They just figured out what clerical error was holding up my March paycheck and it was released today *yay*

I took in all my paperwork on the April paycheck that I should have received yesterday showing the payroll people the plethora of problems and it will be released April 9th. So things are looking up...slowly but surely.

I *will* have to go back to work. I will be there for 8 weeks. It is gut wrenching. I feel numb about it. Of the 8 weeks I'll be there we have the state testing for 2 of them and then the last week of school is all minimum days. I signed Leah up for daycare at the one where Jacob went to and reenrolled Jacob. Jacob will be going back a few days early to give me some time with just Leah and then Leah will start the 21st. After that I am *done* working. I will be staying home with the kids.

We revamped our future plans to include a year *ish* near Chicago. DH and I both grew up near Chicago (DH downtown and me an hour south). My dad still lives in the house I grew up in and DH's parents still live in Chicago. We are *convinced* we get along better with our families when we aren't close, but we are going to give it a try...see if being close will be something we like and appreciate. My dad lives in a big ole house by himself now and so he created an apartment of sorts upstairs. We are going to stay there initially until we know where DH will be working. It will give us a chance to re-save up from some of the crud we've been through this year and to finish getting debt free. It will be good for the kids to be near grandparents..even if it is a temporary thing. Our families can be a little overwhelming. If we feel it's too much we will go ahead with our earlier plans of Colorado...but *after* DH gets his job. The biggest problem is we desperately want out of where we are, enough to move before we have a job...so that's why we are headed to family.

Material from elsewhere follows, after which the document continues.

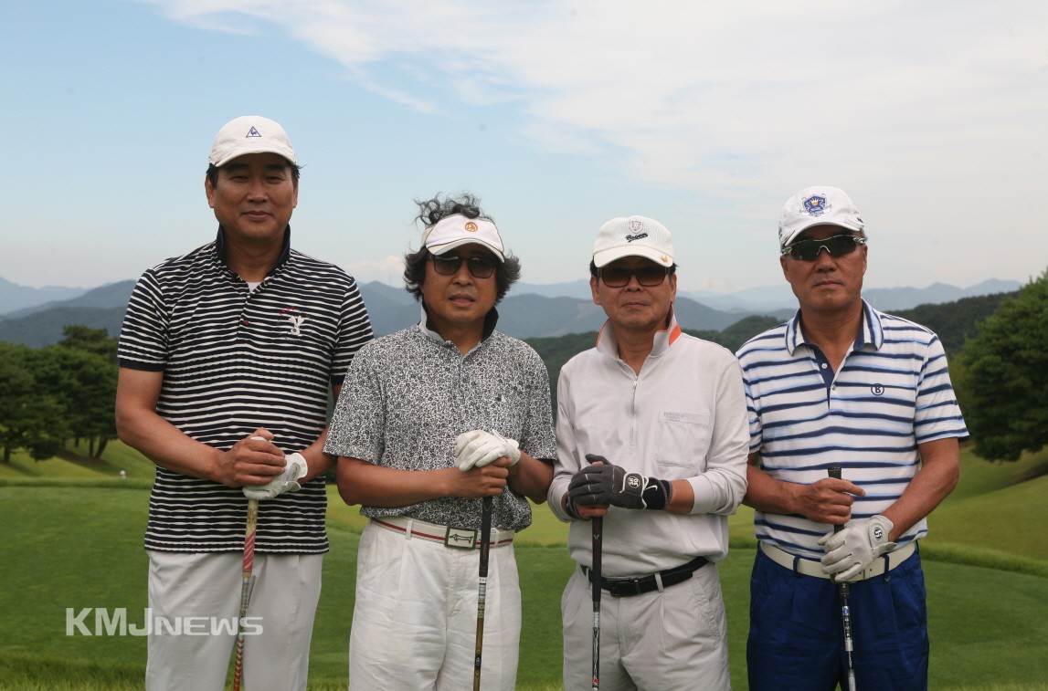 A팀 1조가 티샷에 앞서 사진촬영에 임했다. 사진은 왼쪽부터 세아베스틸 윤기수 부사장,  유일특수강 한박성 대표, 대성철강 이진구 대표, 국제특수강 이희영 사장의 모습.

Kavita - Yay on the potty learning!! Jacob has potty learned on the big potty. He climbs up himself, flushes and then washes his hands and brushes his teeth. He has to brush his teeth every time he is at the sink







ub: BUT the catch around here is he has to be naked. If I put ANYTHING underwear, pants, diaper etc on his bottom. He uses it. I am not sure what the next step is for us as he has done this all on his own really without my prompting. I *think* we are going to try elastic waist pants that are loose-ish and see if he can continue with them on and then go from there. I don't really know what to think as I'm sure going back to daycare is going to set back his progress anyway.

Mel - color me jealous! Sounds wonderful!!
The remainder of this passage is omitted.